Flemming Lentfer (born 1 March 1964, Copenhagen) is a Danish General and the current Chief of Defence since 1 December 2020. Prior to Lentfer becoming Chief of Defence, he served as Director for the Danish Defence Acquisition and Logistics Organization and National Armaments Director.

Education and Background
Lentfer entered the Royal Danish Military Academy in 1983 and graduated in 1985. He then went to the Royal Danish Air Force Academy in 1985 and graduated in 1988. In 1991 he took the Junior Staff Course at Royal Danish Defence College. Later in 1991, he began taking the Officer's Advanced Course at the Royal Danish Air Force Academy which he finished in 1992. In 1995 he went back to the Royal Danish Air Force Academy to take the Senior Staff Course which he completed in 1996.

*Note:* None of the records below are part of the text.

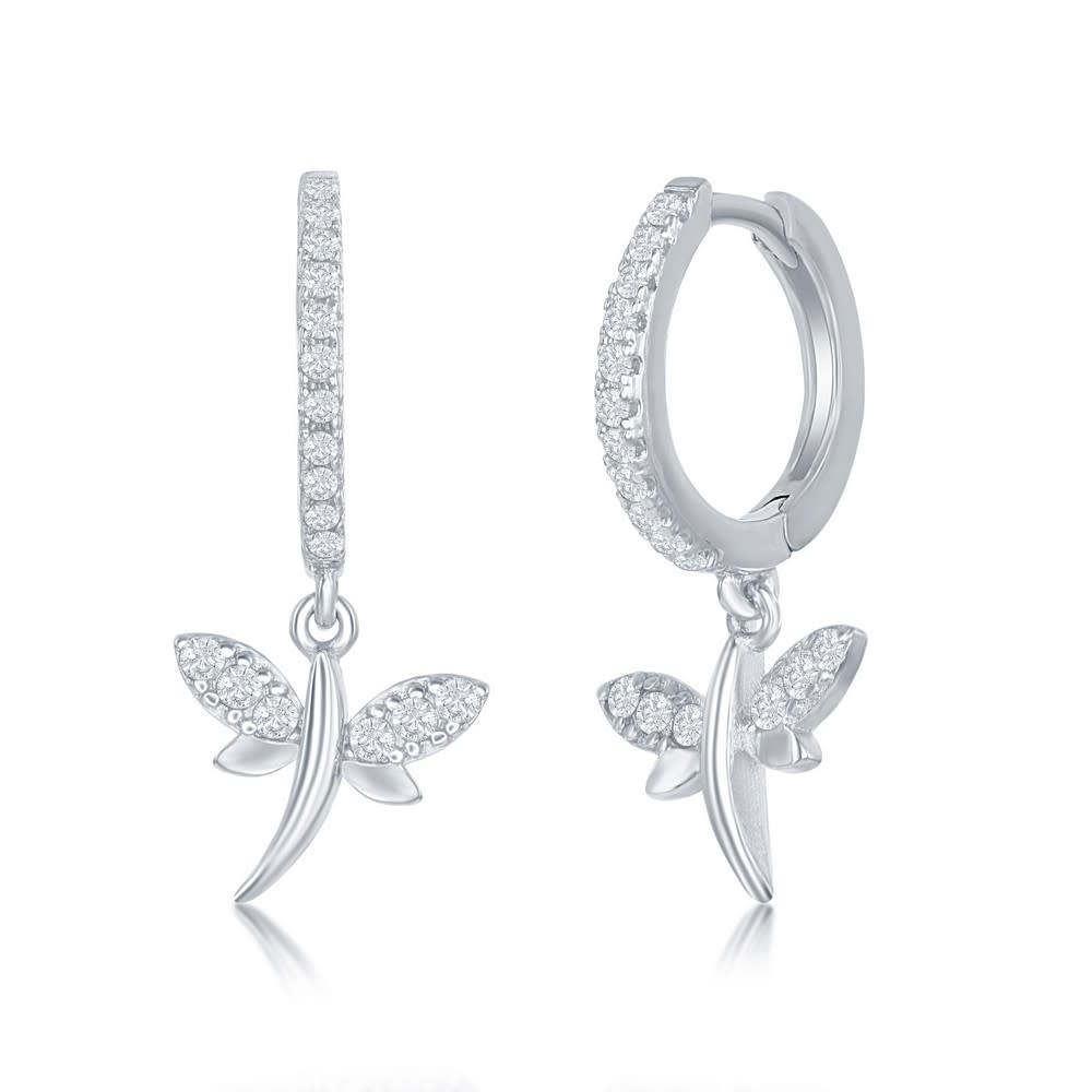 D-7304 Sterling Silver, Small Huggie Hoop CZ Dragonfly Earrings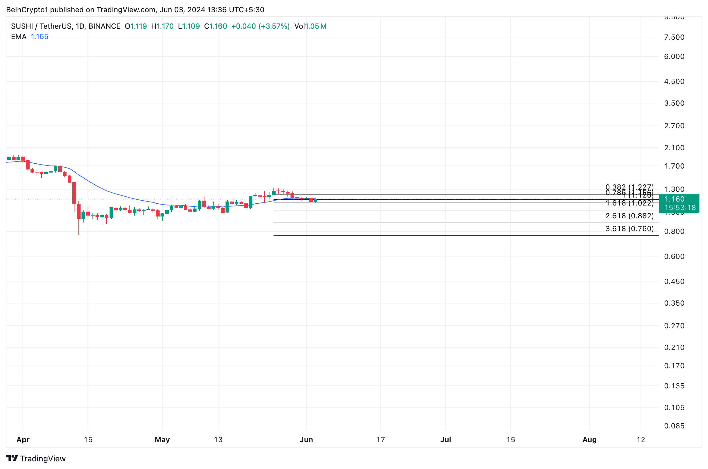 Nếu xu hướng bán này tiếp tục, SUSHI có thể mất mức tăng gần đây nhất và giảm xuống dưới 1 USD để tiệm cận mức 0.88 USD.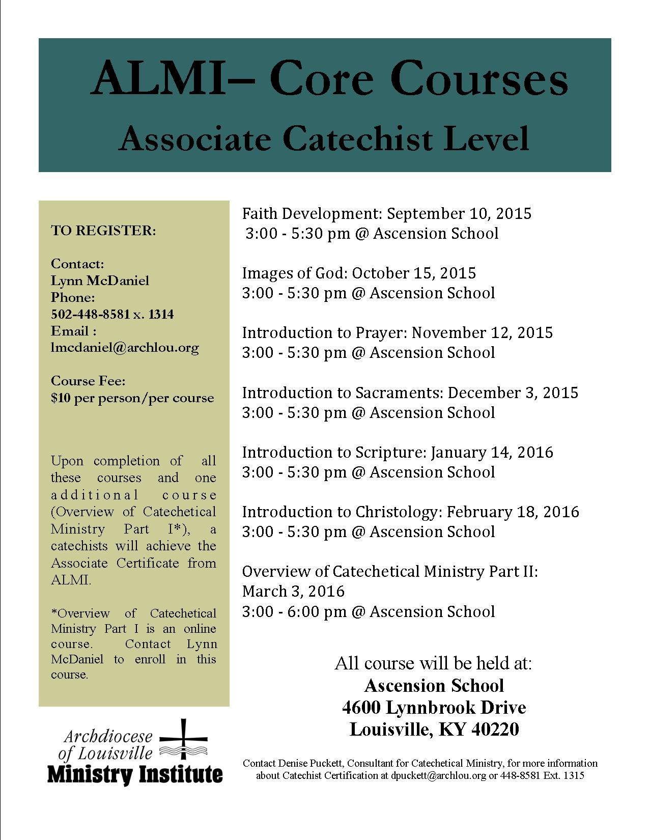 Catechist Credit: 2.5 hours applies toward the Associate Level in the content area of Faith Development or 2.5 hours applies toward Catechetics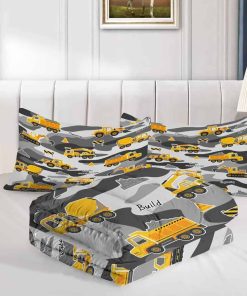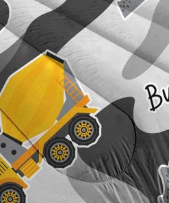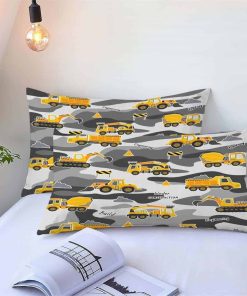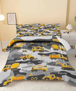 Juego de edredón para niños con temática de coches de dibujos animados HCHUANG Conjunto de cama de construcción de camuflaje Juego de cama de equipo de camiones Juego de edredón Tractor Excavadora Gris Amarillo Conjunto de colcha de dormitorio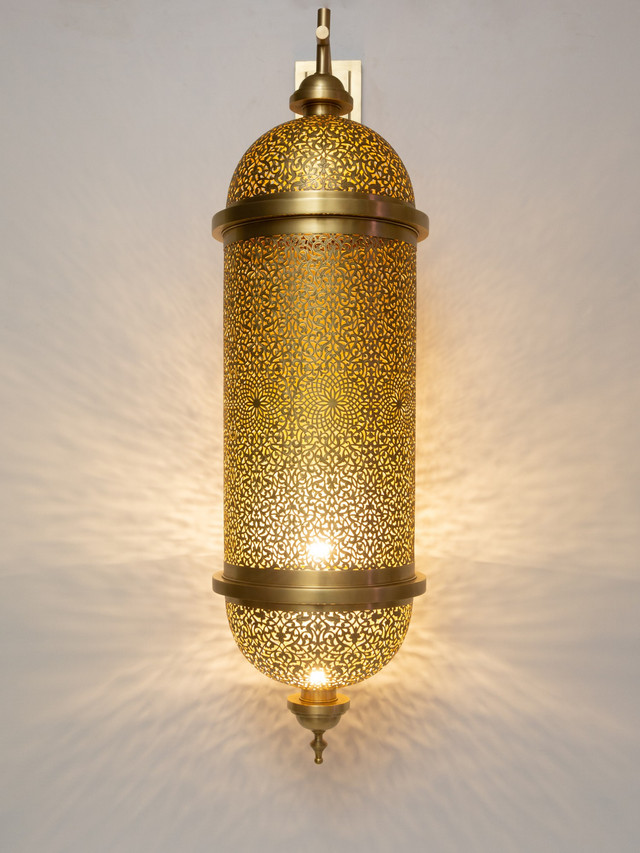Illuminate your space with the exquisite Cylinder-shaped Moroccan Pendant Lamp. Handcrafted to a beautiful Moroccan design, this high-quality and durable pendant lamp adds a vintage charm to both indoor and outdoor settings. Versatile and available in various shapes, sizes, and colors, this lamp showcases centuries of artisanal expertise. Its flawless polished finish and intricate hand-made designs make it perfect for all ceilings and electrical installations. Elevate your home decor with this captivating piece that exudes timeless elegance. Discover the beauty of Pendant Lamps today!

On 1988–1993, he served at the SAM Squadron 541, and served as a Staff Officer at the Defence Command from 1993 to 1995. He served as a syndicate leader and instructor on operations and logistics at the Royal Danish Defence College from 1996 to 1998, and served as Secretary in the Danish Defence Commission. In 1999 - 2000, he served at the Ministry of Defence as a Staff Officer, and served at the Head of Branch at of Royal Danish Air Force Academy.

He became the commander of the HAWK Battalion West from 2000 to 2002, and served at the Head of Plans and Programmes Branch at the Defence Command from 2002 to 2005. He became the Chief of Plans and Programmes Division at the Defence Command from 2005 to 2010, and served at the Defence Acquisition and Logistics Organisation, Chief of Acquisition and Planning Organization from 2010 to 2011. He returned to the Defence Command to serve as the Chief of Staff, Policy and Coordination, from 2011 to 2015, and served as Defence Command Denmark, Chief Joint Operations from 2015 to 2017.

He served as the Director, Danish Ministry of Defence Acquisition and Logistics, Organisation and National Armaments from 2017 to 2020, before being appointed as the Chief of Defence since 1 December 2020.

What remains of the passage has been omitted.